Riverside County Transportation Commission

Commission overview
- Formed: 1976; 50 years ago
- Jurisdiction: Riverside County, California
- Status: Active
- Headquarters: Riverside, California, U.S.; 33°58′40″N 117°22′27″W﻿ / ﻿33.9777443°N 117.3740609°W;
- Employees: 49
- Commission executives: Anne Mayer, Executive Director; Kevin Jeffries, District 1; Karen Spiegel, District 2; Chuck Washington, District 3; V. Manuel Perez, District 4; Jeff Hewitt, District 5;
- Parent Commission: Southern California Association of Governments
- Child agencies: Western Riverside County Regional Conservation Authority; Riverside Transit Agency; SunLine Transit Agency; Banning Pass Area Transit; Beaumont Transit System; Palo Verde Valley Transit Agency; Riverside Special Transportation Services; Corona Cruiser;
- Website: www.rctc.org

= Riverside County Transportation Commission =

The Riverside County Transportation Commission (RCTC) is the County Transportation Commission for Riverside County, California, United States. It is an association of local governments in the county, with policy makers consisting of mayors, councilmembers, and county supervisors, and is the funding agency for the county's transit systems, which include Corona Cruiser, Riverside Transit Agency, SunLine Transit Agency, Pass Transit Agency and Palo Verde Valley Transit Agency. It also provides funds for the maintenance and improvement of roadways within the city. RCTC is a member of the California Association of Councils of Governments and coordinates with the Southern California Association of Governments.
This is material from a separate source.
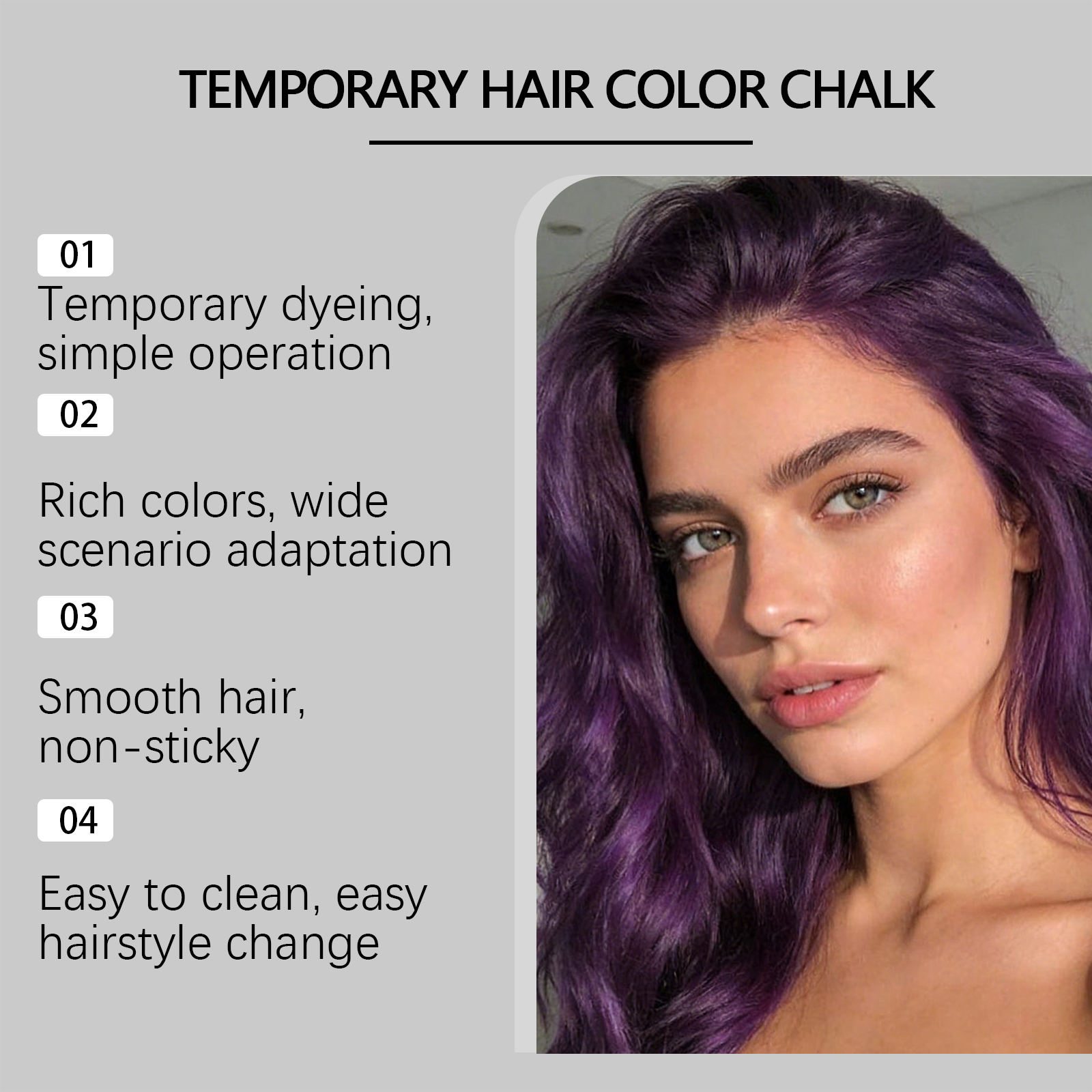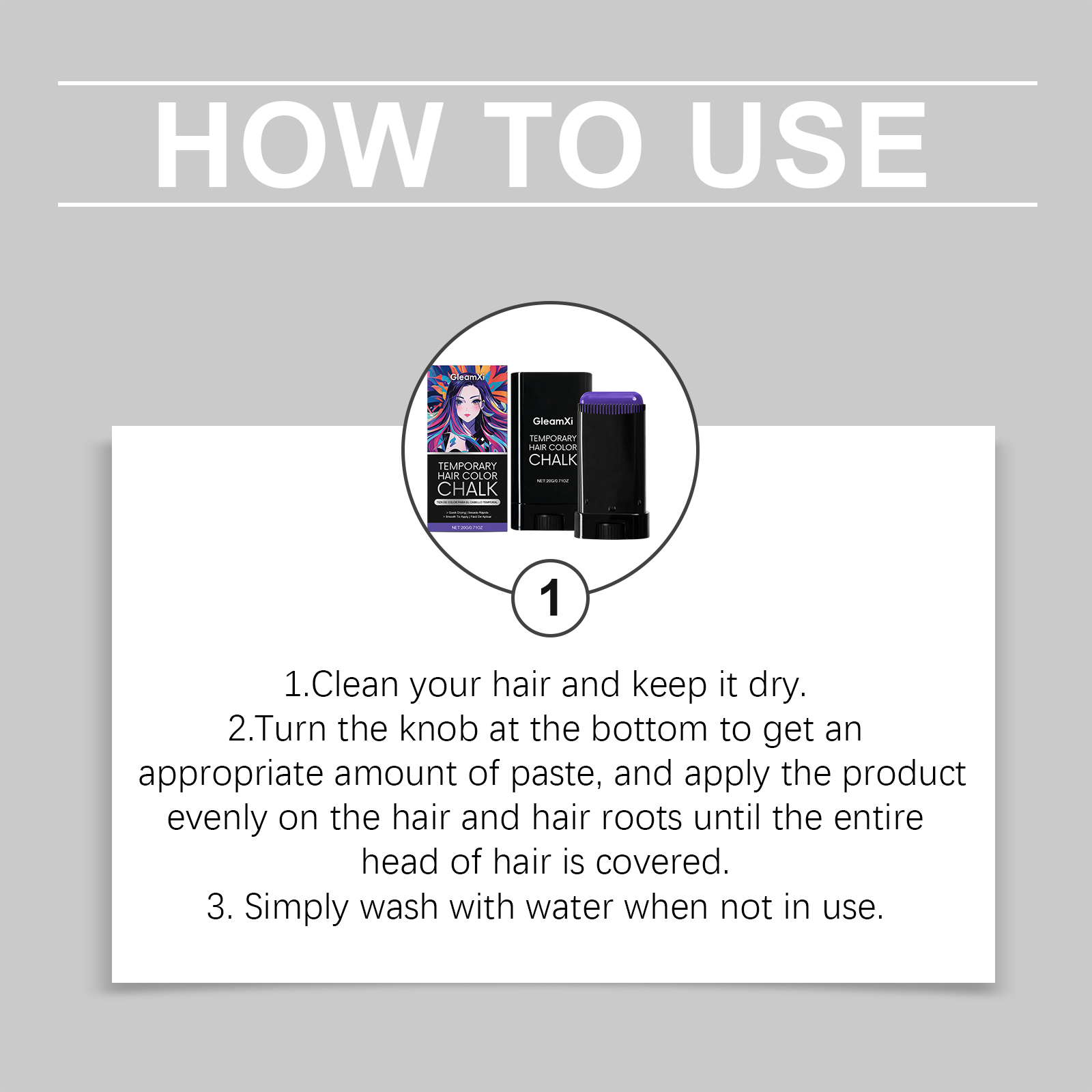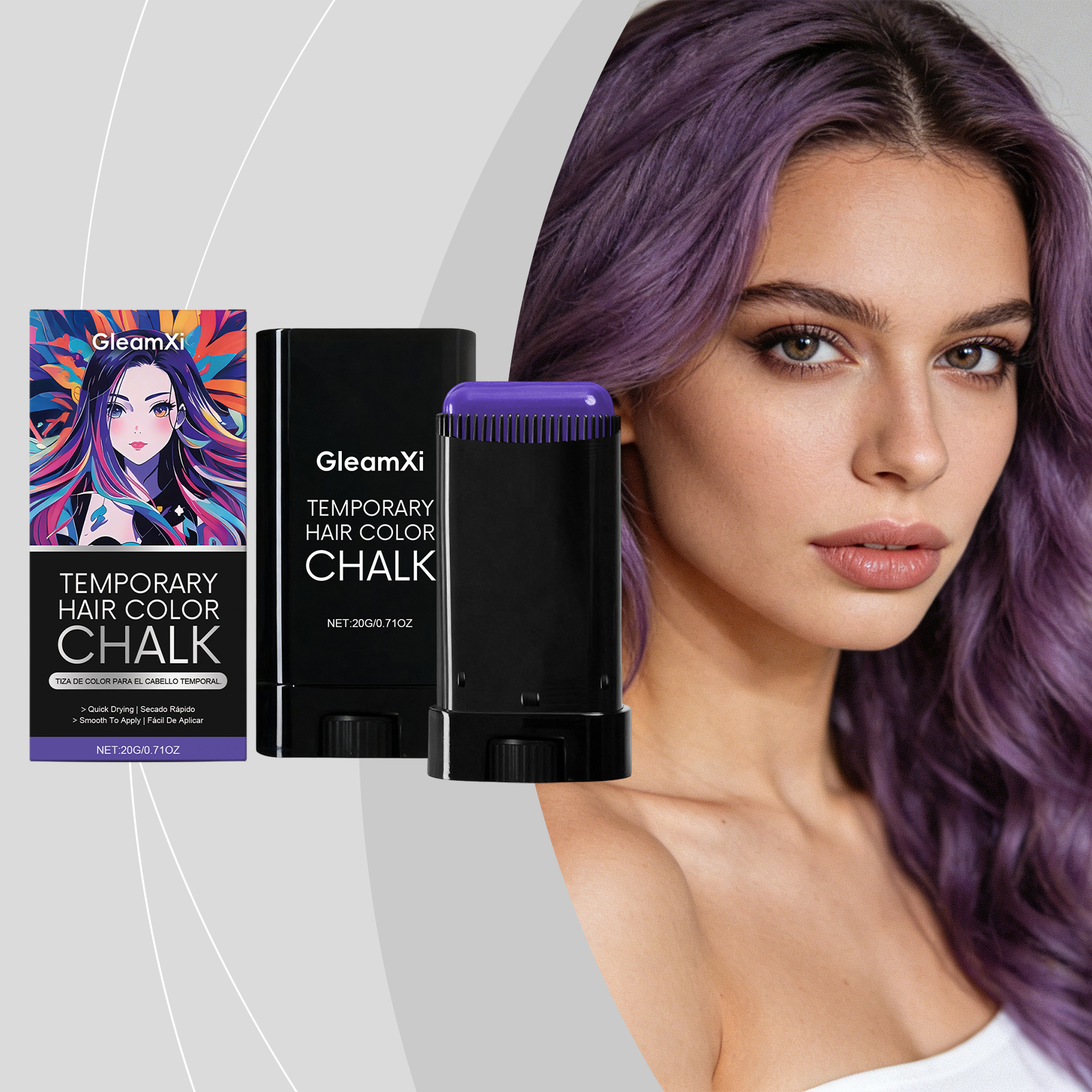 GleamXi Temporary Hair Dye Stick (Purple) For Party Temporary Styling, Cool And Shiny, Natural Color Display, Charming Portable Hair Care Stick

It is additionally the planning agency for the Coachella Valley Rail (CV Rail) project.

== History ==
The commission was formed in 1976. In 1988 and 2002, voters approved a half-cent sales tax known as Measure A which was managed by RCTC.

== Projects ==

=== Metrolink ===
RCTC opened the Riverside Line to the public in June 14 of 1993. In 1995, the Inland Empire–Orange County Line opened to the public. In May of 2002, the 91/Perris Valley Line opened to the public.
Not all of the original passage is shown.